O* Kal Sahaar, chant the Praises of Lehnaa throughout the seven continents; He met with the Lord, and became Guru of the World. ||1||Page 1391, Line 5 

O Kal Sahaar, chant the Praises of Lehnaa throughout the seven continents; He met with the Lord, and became Guru of the World. ||2|| 

O Kal Sahaar, chant the Praises of Lehnaa throughout the seven continents; He met with the Lord, and became Guru of the World. ||3||

Kal Sahaar chants His Glorious Praises. 

He is the Destroyer of fear, the Eradicator of the pains of others. Kall Sahaar the poet utters Your Praise, O Guru. *

Does 'kal' mean death or something to do with death? Also, can you tell me who wrote these verses

Thank you


----------



## Gyani Jarnail Singh (Sep 14, 2005)

*Re: Whats 'Kal sahaar'*

These quotes are from the Bhattan de swaiyaeh..

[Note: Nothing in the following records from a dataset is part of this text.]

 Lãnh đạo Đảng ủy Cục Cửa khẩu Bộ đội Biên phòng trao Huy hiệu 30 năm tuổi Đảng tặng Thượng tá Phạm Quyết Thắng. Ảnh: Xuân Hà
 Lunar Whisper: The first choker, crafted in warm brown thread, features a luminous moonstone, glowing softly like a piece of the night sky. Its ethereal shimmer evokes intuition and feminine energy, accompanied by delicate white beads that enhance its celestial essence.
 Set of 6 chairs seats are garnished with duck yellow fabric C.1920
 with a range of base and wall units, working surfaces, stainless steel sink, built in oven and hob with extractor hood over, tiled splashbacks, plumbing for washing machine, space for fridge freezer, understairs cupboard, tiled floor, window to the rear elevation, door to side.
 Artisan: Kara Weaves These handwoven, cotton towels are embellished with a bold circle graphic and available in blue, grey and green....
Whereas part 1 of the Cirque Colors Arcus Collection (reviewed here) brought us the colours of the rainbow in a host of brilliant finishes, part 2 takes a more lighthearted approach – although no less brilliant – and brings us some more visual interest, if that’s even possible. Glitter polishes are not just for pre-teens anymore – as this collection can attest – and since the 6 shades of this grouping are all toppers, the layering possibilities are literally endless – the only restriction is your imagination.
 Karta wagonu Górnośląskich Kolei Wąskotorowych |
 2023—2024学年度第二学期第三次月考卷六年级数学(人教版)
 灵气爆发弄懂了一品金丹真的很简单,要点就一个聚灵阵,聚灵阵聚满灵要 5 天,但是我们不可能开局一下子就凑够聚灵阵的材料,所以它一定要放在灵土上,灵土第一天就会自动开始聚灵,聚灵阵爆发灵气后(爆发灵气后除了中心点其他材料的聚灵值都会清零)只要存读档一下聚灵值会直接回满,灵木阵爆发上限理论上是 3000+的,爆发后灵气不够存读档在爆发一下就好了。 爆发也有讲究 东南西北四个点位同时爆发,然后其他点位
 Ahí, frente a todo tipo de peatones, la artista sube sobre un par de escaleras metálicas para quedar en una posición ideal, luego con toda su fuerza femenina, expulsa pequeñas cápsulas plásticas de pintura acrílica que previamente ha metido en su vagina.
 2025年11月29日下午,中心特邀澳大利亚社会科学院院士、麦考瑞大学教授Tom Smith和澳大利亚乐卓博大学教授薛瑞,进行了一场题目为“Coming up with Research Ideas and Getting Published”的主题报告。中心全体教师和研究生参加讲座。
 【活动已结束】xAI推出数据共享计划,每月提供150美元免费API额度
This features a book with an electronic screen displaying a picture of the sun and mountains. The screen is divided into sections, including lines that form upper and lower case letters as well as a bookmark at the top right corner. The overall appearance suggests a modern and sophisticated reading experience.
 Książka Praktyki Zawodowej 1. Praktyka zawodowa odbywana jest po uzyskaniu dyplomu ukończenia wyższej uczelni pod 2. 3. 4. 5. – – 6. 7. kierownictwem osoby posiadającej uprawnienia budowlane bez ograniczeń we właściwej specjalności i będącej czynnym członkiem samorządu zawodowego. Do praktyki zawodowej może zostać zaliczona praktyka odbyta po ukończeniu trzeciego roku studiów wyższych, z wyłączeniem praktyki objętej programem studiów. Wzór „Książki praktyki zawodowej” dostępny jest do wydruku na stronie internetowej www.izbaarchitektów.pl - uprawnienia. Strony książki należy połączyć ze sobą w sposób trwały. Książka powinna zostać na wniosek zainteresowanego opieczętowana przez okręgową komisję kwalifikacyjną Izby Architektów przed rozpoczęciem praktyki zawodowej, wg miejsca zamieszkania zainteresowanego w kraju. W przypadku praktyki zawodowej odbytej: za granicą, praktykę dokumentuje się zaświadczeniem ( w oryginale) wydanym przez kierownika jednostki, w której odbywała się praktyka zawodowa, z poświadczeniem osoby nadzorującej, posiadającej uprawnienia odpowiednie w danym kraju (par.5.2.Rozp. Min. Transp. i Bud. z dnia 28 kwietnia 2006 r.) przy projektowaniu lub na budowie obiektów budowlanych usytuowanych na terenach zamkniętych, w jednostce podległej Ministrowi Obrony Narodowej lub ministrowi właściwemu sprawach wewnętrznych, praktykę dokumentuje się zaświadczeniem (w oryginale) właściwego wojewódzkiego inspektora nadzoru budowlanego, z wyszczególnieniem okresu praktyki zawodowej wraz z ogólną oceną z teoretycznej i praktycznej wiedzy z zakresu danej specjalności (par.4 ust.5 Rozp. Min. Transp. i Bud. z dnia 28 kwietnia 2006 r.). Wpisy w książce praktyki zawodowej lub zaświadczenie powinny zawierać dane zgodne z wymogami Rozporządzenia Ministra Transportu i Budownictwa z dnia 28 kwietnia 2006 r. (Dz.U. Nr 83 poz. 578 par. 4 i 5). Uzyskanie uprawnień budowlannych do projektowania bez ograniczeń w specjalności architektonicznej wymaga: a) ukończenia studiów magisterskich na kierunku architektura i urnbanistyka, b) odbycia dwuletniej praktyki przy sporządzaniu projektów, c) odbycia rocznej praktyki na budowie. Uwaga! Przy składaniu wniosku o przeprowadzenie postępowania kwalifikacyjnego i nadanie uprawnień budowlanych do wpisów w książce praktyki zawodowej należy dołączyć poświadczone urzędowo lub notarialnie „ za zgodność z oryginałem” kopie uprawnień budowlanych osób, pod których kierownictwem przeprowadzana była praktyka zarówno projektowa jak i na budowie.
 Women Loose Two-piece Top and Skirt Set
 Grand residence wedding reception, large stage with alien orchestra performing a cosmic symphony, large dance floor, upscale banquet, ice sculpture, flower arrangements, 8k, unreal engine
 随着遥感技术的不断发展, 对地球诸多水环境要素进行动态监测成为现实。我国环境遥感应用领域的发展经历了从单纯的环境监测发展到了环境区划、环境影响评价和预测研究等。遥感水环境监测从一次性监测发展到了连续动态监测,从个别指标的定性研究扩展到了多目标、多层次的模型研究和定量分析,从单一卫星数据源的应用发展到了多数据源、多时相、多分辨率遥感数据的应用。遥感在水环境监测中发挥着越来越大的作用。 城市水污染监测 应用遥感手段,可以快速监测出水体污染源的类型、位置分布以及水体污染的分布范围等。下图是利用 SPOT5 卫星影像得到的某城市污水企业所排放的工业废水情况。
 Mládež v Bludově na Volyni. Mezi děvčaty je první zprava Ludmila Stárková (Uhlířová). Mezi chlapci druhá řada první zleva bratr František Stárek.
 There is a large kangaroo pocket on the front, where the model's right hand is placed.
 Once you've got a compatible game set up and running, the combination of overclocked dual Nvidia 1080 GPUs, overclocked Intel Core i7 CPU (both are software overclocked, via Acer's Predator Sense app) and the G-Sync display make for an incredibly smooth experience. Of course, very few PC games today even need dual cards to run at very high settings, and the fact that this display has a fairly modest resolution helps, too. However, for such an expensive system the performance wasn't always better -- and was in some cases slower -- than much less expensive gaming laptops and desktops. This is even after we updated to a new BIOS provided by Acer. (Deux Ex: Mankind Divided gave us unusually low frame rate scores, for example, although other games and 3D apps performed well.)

Kal Sahaar is one of the BHATTS who wrote these poems in Guru Granth Ji sahib.

These swaiyahs can be found towards the end of Guru Granth ji Sahib.

There are all together 10 bhatts.

Jarnail Singh


----------



## rsd (Dec 8, 2005)

[Kal Sahaar was one of the _Bhats whose 54 Sawayas were included in Shri Guru Granth Sahib by the 5th Guru who compiled The Granth._


----------